理科大ら,燃料電池材料の性能低下原因をX線等で解明

東京理科大学,電力中央研究所,名古屋工業大学,高エネルギー加速器研究機構,徳島大学,弘前大学,日本原子力研究開発機構は共同研究により,固体酸化物形燃料電池の電解質材料である安定化ジルコニアの長期アニールによる結晶,局所構造の変化をSPring-8の放射光X線回折,研究用原子炉JRR-3の中性子回折,フォトンファクトリーARのX線吸収スペクトルによって解明した(ニュースリリース)。

水素と酸素から発電する燃料電池はクリーンなエネルギーデバイスとして注目されている。

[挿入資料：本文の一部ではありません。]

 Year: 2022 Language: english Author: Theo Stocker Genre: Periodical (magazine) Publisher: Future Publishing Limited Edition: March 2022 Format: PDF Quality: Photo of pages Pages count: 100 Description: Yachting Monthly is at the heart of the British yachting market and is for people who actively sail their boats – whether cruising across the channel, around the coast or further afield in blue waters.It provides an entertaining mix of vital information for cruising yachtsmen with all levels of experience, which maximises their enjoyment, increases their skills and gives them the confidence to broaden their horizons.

その中で電極,電解質を含む全てが固体で構成されているものを固体酸化物形燃料電池(Solid Oxide Fuel Cell: SOFC)と言い,高い温度で作動し,発電効率も高いことから次世代エネルギーデバイスとして期待されている。

SOFCが実用化されるには,10万時間程度の作動時間が要求されており,特に電解質の耐久性が重要となっている。この耐久性の評価は,電気化学特性やラマン分光では盛んに行なわれているが,原子やイオンの位置を直接的に観測する放射光X線,中性子を用いた研究はほとんど行なわれていなかった。

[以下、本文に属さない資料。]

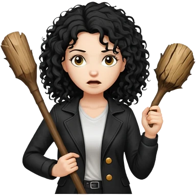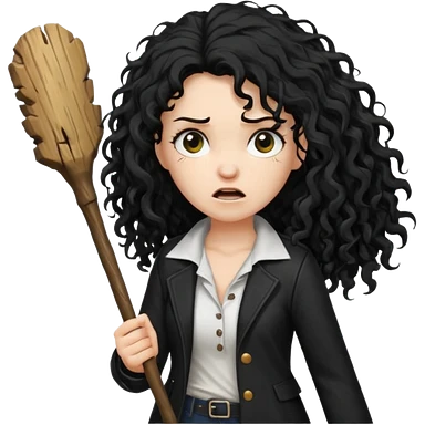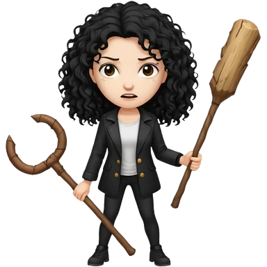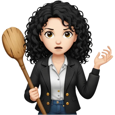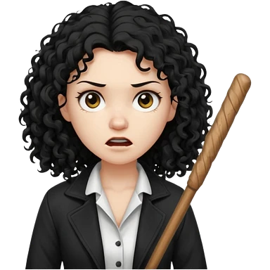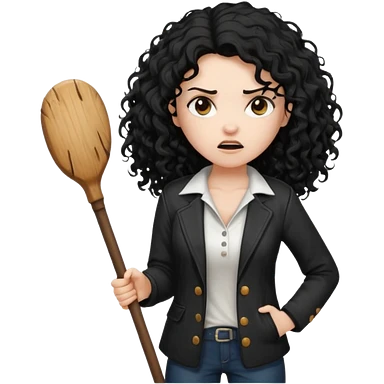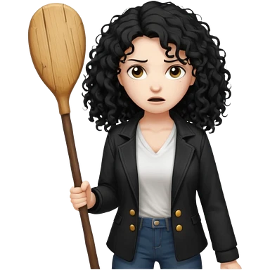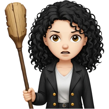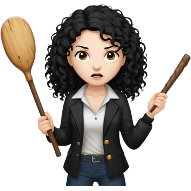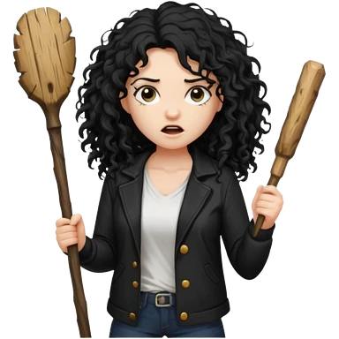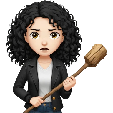 Hey, please generate me an emoji that depicts a woman white skin long black curly disheveled hair slightly thicker, she is wearing a white T-shirt and a black unbuttoned jacket she is furious she is holding a large wodden STICK emoji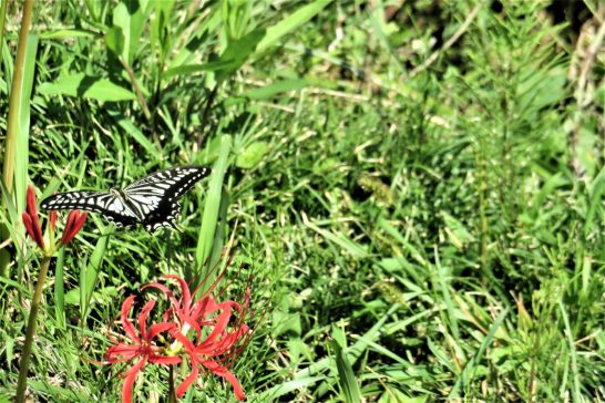 写真上:本日の昼前散歩にて。総合公園へ向かう途中の田圃で彼岸花らしい赤がチラッと見えたので、駐車場に車を置いてからぶらぶら散歩でバック。パチパチ写していたら、上空に飛行機雲が現れたので、これも一緒にパチリ。とやっていたら「わたしも写して…」と、てふてふがひらひらやってきたので、これもパチリ。本日7,248歩。

研究グループは,SOFC電解質材料である安定化ジルコニアについて,長期加熱時に酸素イオン伝導度が低下する(Zr0.85Y0.15)O2-δ(8YSZ)と低下しない(Zr0.81Sc0.18Ce0.01)O2-δ(10SSZ)を用意し,それぞれ600℃,800℃で2000時間まで長期加熱し,放射光X線回折,中性子回折,X線吸収スペクトル測定を行ない,それらのデータから結晶・電子構造解析を行なった。これらの結果を相補的に用いて,酸素イオン伝導度と結晶構造,局所構造の関係について検討した。

放射光X線回折,中性子回折データを用いてリートベルト解析,最大エントロピー法解析を行なった。その結果,酸素イオン伝導度が低下する8YSZと低下しない10SSZでは,長期加熱によって構成するイオン及びイオン中の電子の集まり方に違いがあることが分かった。この局所構造をX線吸収スペクトルにより更に詳しく解析,第一原理計算を行ない,Zrイオンの位置がずれていることが分かった。

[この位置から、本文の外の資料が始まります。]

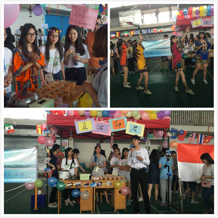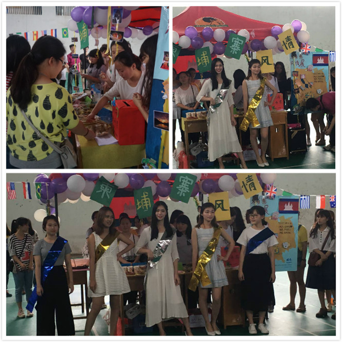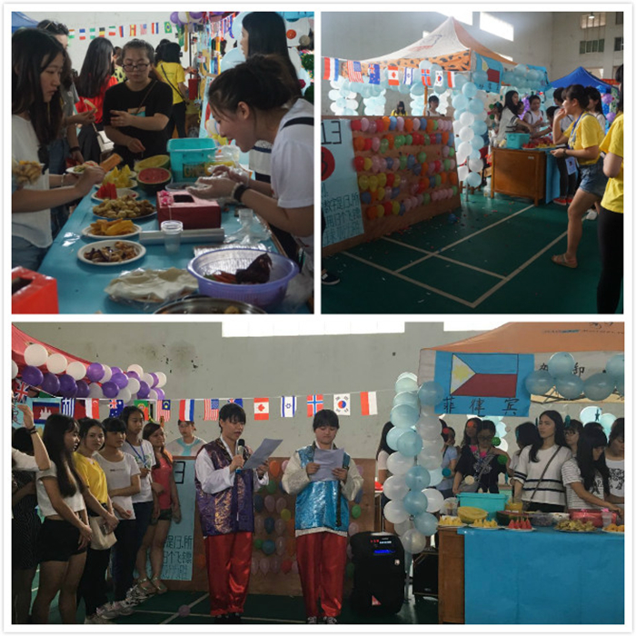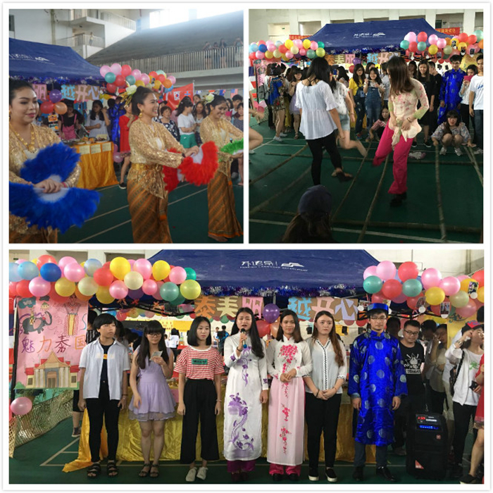 越南和泰国组合的展区上的“泰美丽,越开心”抢眼的文字,吸引了同学们的目光聚焦这里。具有优美迷人的热带风光的泰国,给我们带来了泰式椰汁鸡汤,烤椰塔的美食和阿娜并附有韵律感的泰国舞蹈,大家对其赞口不绝。而越南代表的同学也毫不逊色,有越南炸春卷、越南凉拌菜、越南西米露、越南法棍等特色美食和称为奥黛的服装表演。

このように放射光X線回折,中性子回折,X線吸収スペクトルをマルチプローブとして相補的に利用し,さらに第一原理計算によってモデルを検することで酸素イオン伝導度は局所的なZrO8の歪みより,長周期的な秩序性が関係していることを明らかにした。

このようなイオン伝導度低下の原因解明により今後,SOFCの耐久性改善に応用され,SOFC普及が促進されることが期待される。また,これらの成果は,放射光回折,中性子回折,X線吸収をマルチプローブとして,量子ビームを相補的に用い,さらに理論計算を組み合わせることによって,これまでに明らかできなかった新しい知見を得ることができることを実証しており,今後の材料研究の有用な手法であることを示すものだとしている。